The amendment is also tabled in the name of the hon. Member for Wyre Forest (Dr. Taylor), who may wish to speak about the importance of dealing with cross-infection. The NAO report to which I referred recognised the widespread failure in infection control. It seems reasonable that the Bill should be amended to ensure that that function is covered by the Commission for Health Improvement, or that the Minister should reassure us that infection control and health and safety at work are already covered by it.

The NHS staff is its major resource, on which the majority of its funds are spent. The way in which the NHS treats its staff is a measure of the quality of the service. Concern has been expressed that the occupational health facility is poor, if it exists at all. As a result, trade unions and professional organisations run heavily subscribed helplines and stress counselling lines, which should be provided within the health service by the employer; particularly an employer which puts its workers under such strain. The personnel function must not be overlooked in the workings of the NHS; the key to undercapacity lies not only in the failure of resourcing over so many years, but in the failure to retain staff, many of whom are leaving because of the stresses and strains of the workplace.

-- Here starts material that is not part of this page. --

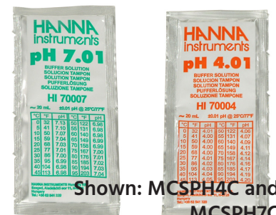
Shown: MCSPH4C and MCSPH7C

If occupational health policies were more effective, we might be able to improve NHS delivery and maintain and increase the service's capacity, which is the critical issue facing it. If the definition of quality were extended to include the quality of the human resource function, or the Minister were to reassure us that certain guidance clearly so extends it, the Committee would be reassured and the amendment could be withdrawn. I commend the amendments to the Committee.